Mistral AI’s 7B is a small LM that can achieve Llama 2 13B’s performance with a lower compute cost & a no-restrictions license.
Mistral AI, a French AI startup that has been working on its language model for a while now, released its first small language model that it’s making free for everyone, with no restrictions. The company claims that it’s better than other LMs of the same size.
Named 7B, the language model can be downloaded over torrent (link to 14.5GB .pth file) or GitHub (link), or used via Hugging Face (link). It has also been integrated into Perplexity Labs for anyone to test (the 7B-instruct version).
It outperforms Llama 2 (a 13B model) on all benchmarks and approaches CodeLlama 7B’s performance on code/programming tasks. The principle of Mistral AI is to provide “credible alternatives to the emerging AI oligopoly.” The model is provided under an Apache 2.0 license.
In a public tweet, the company provided the magnet link for the torrent download with no context:
On Reddit, users reported that the model wasn’t as bad as other small models (which the company also claims) and that the responses were actually good for smaller tasks.
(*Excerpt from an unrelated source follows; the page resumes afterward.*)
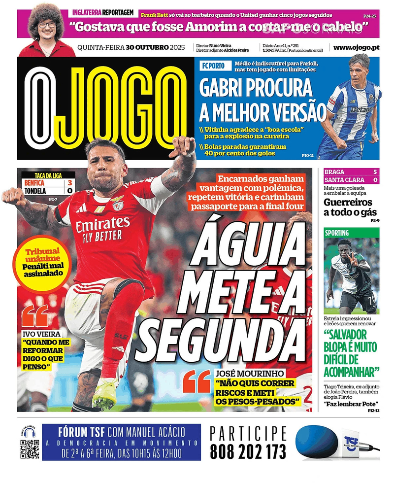O jornal 'A Bola' realça o golo apontado por Nicolás Otamendi, naquele que foi o seu jogo 250 com a camisola dos encarnados.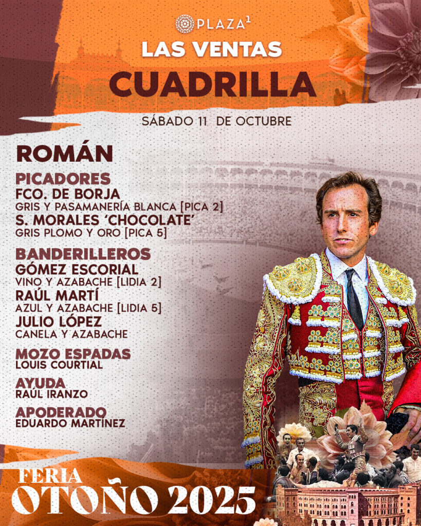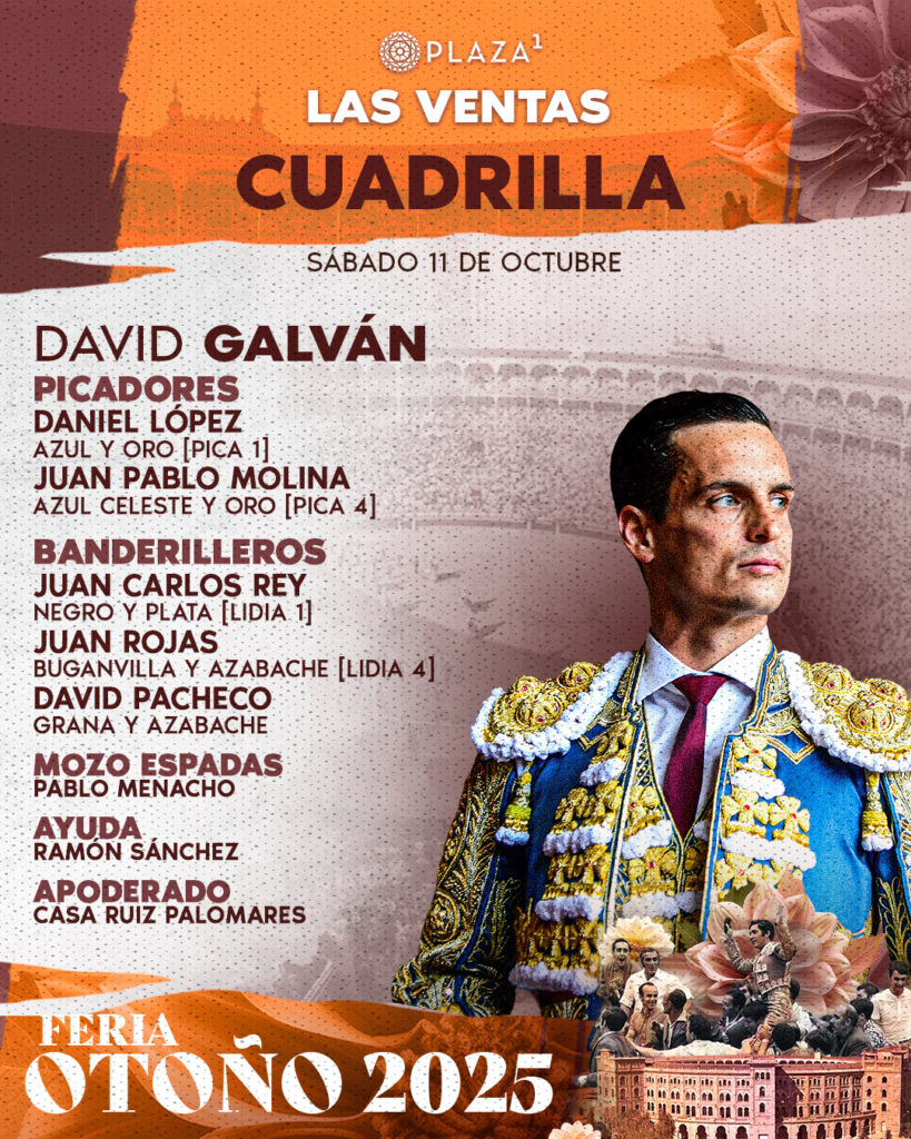 Actualidad Taurina «Verdadero» abre la tarde en las Ventas 11 octubre, 2025 FacebookTwitterPinterestWhatsApp Seis toros de la divisa de Victorino Martín aguardan ya en los corrales de la Plaza de Toros de Las Ventas para la séptima cita de la Feria de Otoño. Esta tarde, a las 18h., serán lidiados por David Galván, Román y Ginés Marín.

One user also pointed out that it lacks in censoring, and can give dangerous responses to users’ queries.
If you are willing to run it locally, you can repurpose, retrain, or use it any way you like without any restrictions. Notably, Mistral’s 7B has a “considerably smaller compute cost” than other small language models like Llama 2.
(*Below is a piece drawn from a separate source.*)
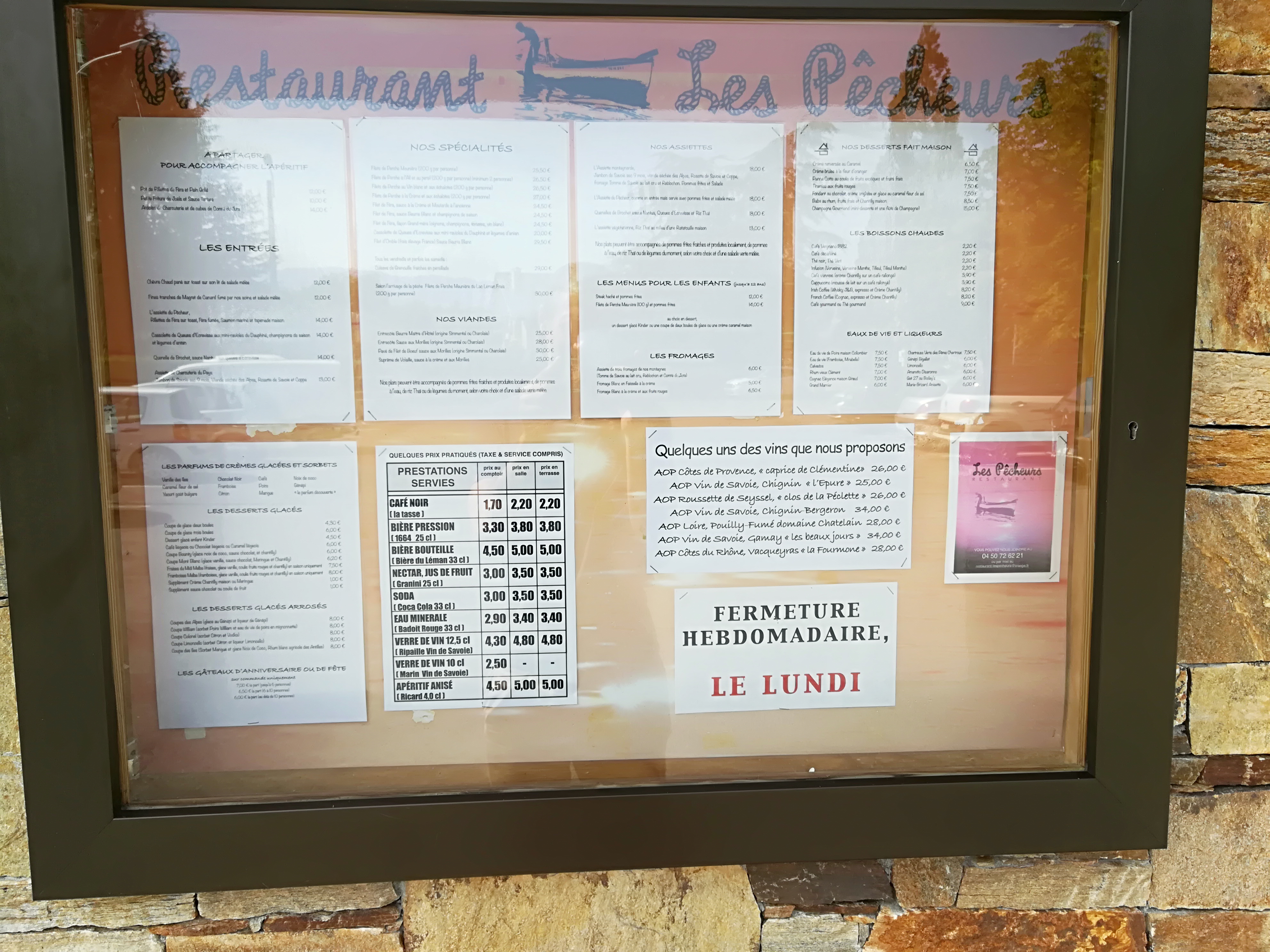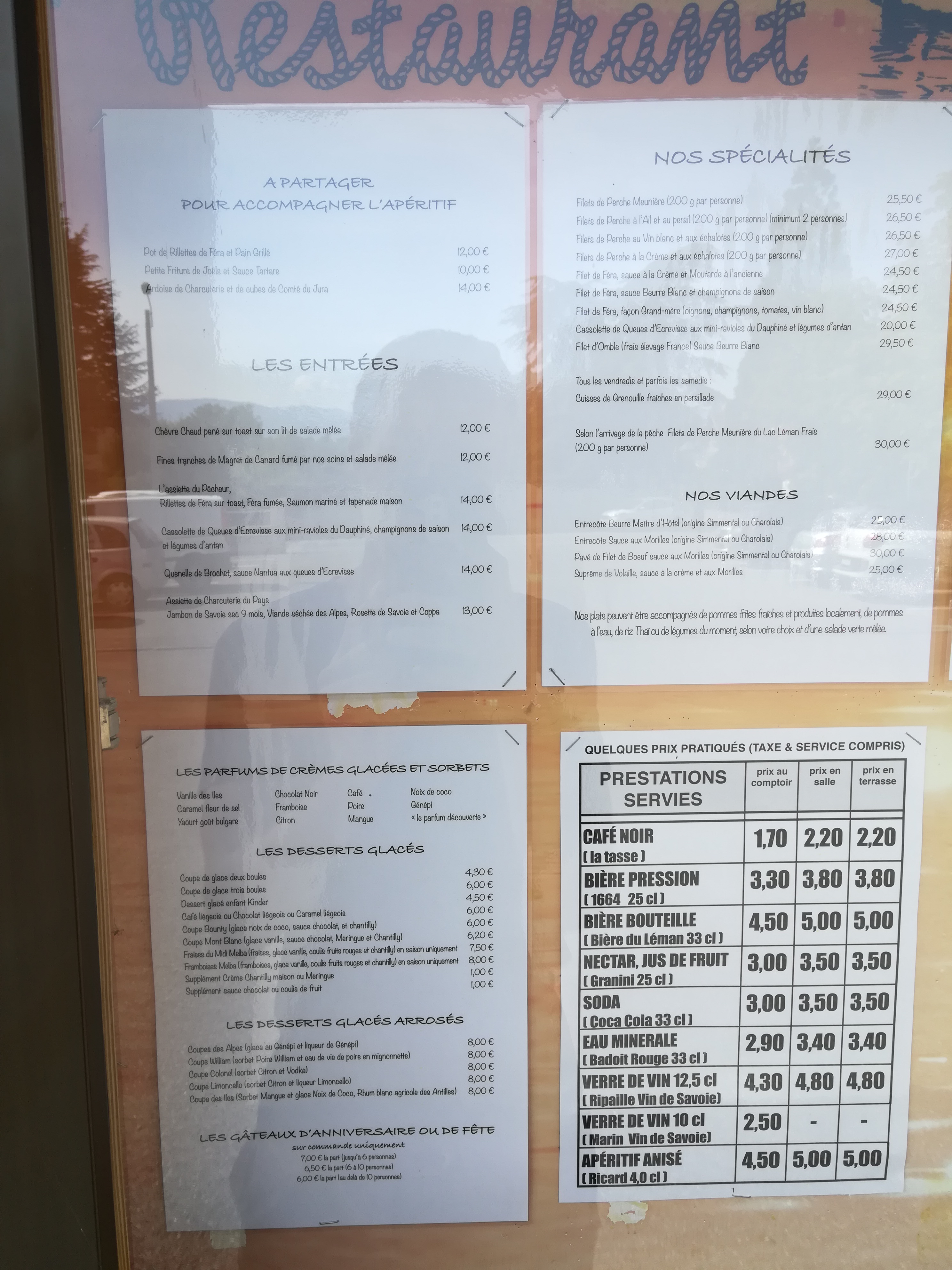 Bonjour , nous avions réservé trois jours en avance ayant vu sur votre pancarte perche du lac grosse déception au moment de la prise de commande . .. votre poisson de lac ne vien pas de lac,certainement surgelé mais en plus il vien de Pologne ( affirmation de votre serveuse )bof bof quand le fait maison et produits locaux sont a l'affiche :( ! 30€ la petite portion de poisson qui vient de l'autre côté du globe encore une fois bof . Des touristes se sentant légèrement duper

The Mistral 7B LM is optimal for low latency, text summarization, classification, text completion, and code completion. It has natural coding abilities and an 8k sequence length.
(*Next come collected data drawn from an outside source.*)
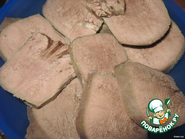 Отварной язык нарезать ломтиками.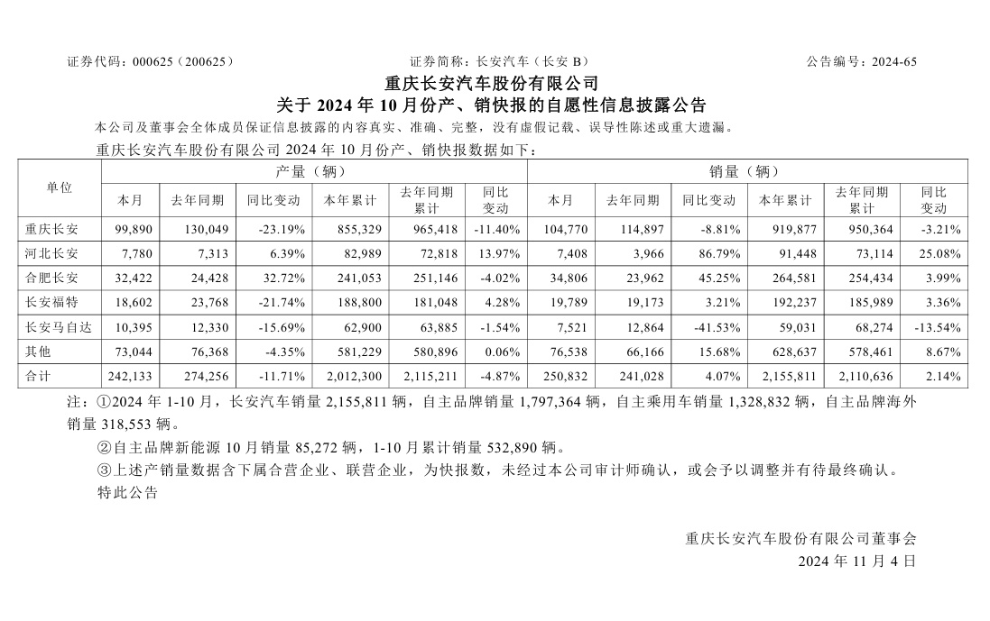 公告显示,2024 年 1-10 月,长安汽车销量 2,155,811 辆,自主品牌销量 1,797,364 辆,自主乘用车销量 1,328,832 辆,自主品牌海外销量 318,553 辆。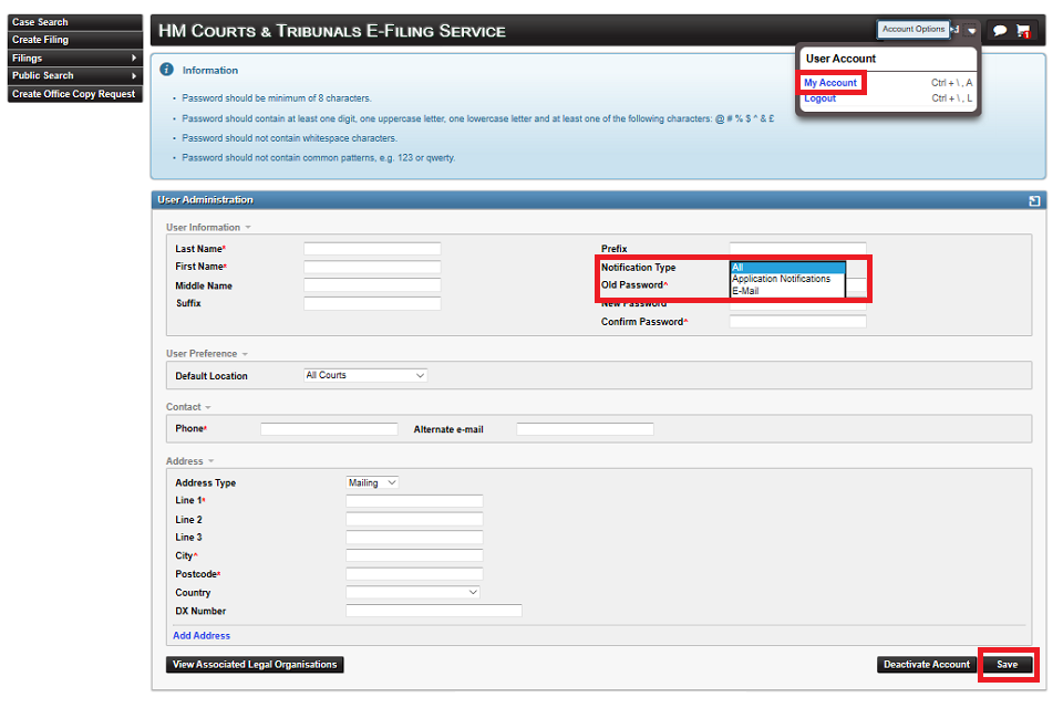 5. If you are a barrister or counsel you can use ‘Barrister Chambers’ in ‘Type of User Account’. You will have access to submit filings but will not be able to access cases – these will be for your instructing solicitors to manage.

In the official blog post, the Mistral AI team wrote, “Our ambition is to become the leading supporter of the open generative AI community, and bring open models to state-of-the-art performance. We will make them the go-to solutions for most of the generative AI applications. Many of us played pivotal roles in important episodes in the development of LLMs; we’re thrilled to be working together on new frontier models with a community-oriented mindset.”
On the official product page, the company has said that “larger models, better reasoning, multiple languages” are coming soon.